The year of agentic AI came with promises of massive productivity gains for businesses, but the rush to adopt new tools and services also opened new attack paths in enterprise environments.
Here are some of the top security risks to the AI ecosystem that were revealed this year by security researchers, either in the wild or as researcher-demonstrated attacks.
Shadow AI and vulnerable AI tools
Giving free reign to employees to experiment with AI tools to automate business processes might sound like a good idea that could surface creative solutions.

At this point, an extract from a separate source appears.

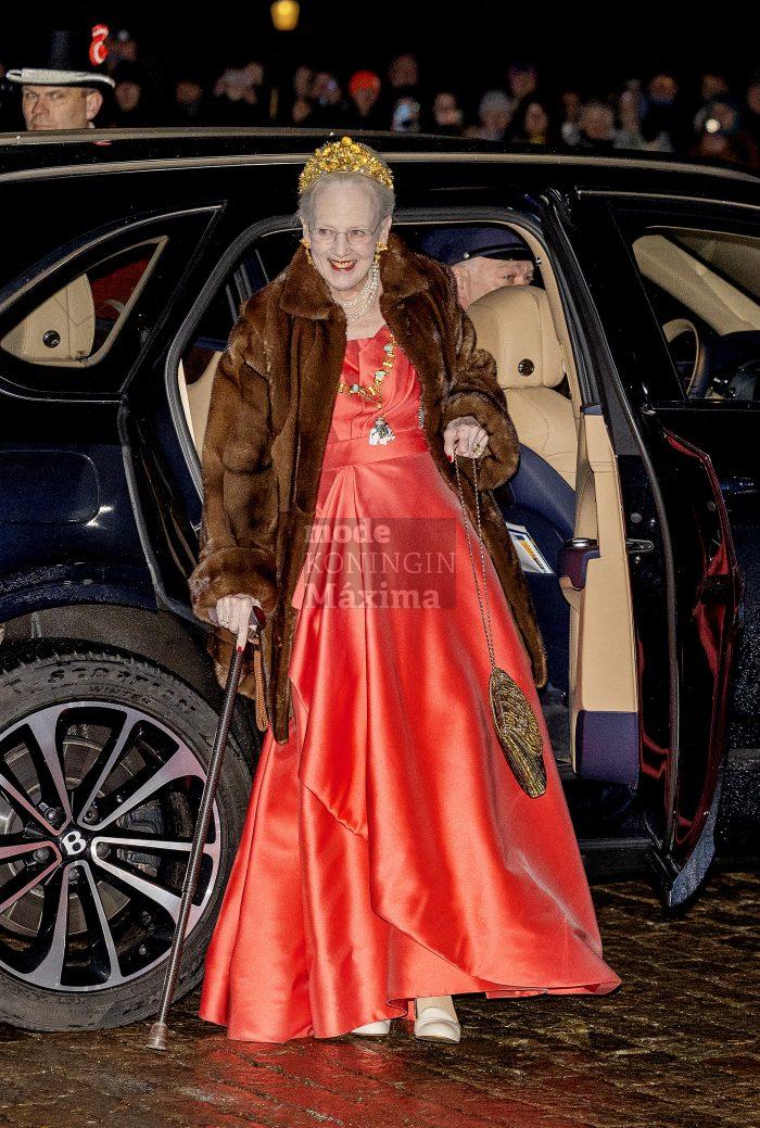 Koningin Margrethe draagt een eerder gedragen koraalrode japon. Op haar kapsel prijkt de gouden Naasut tiara.

But it can quickly get out of control if not done under a strict policy and monitoring.
A recent survey of 2,000 employees from companies in the US and UK revealed that 49% use AI tools not sanctioned by their employers and that over half do not understand how their inputs are stored and analyzed by these tools.

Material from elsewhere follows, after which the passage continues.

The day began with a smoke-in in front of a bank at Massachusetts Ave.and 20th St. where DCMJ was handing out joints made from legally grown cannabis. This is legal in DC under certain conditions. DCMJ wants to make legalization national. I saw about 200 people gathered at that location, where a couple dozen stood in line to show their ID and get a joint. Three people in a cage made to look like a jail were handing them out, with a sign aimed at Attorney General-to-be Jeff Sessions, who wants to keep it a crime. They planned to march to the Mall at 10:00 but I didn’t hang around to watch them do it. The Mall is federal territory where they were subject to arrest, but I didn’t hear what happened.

The deployment of all AI-related tools and services on premises or in the cloud needs to involve the security team in order to catch insecure configurations or known vulnerabilities.
In its 2025 State of Cloud Security report, Orca Security reported that 84% of organizations now use AI-related tools in the cloud and that 62% had at least one vulnerable AI package in their environments.
A separate report from the Cloud Security Alliance reported that one third of organizations experienced a cloud data breach that involved an AI workload, with 21% of those incidents caused by vulnerabilities, 16% by misconfigured security settings, and 15% by compromised credentials or weak authentication.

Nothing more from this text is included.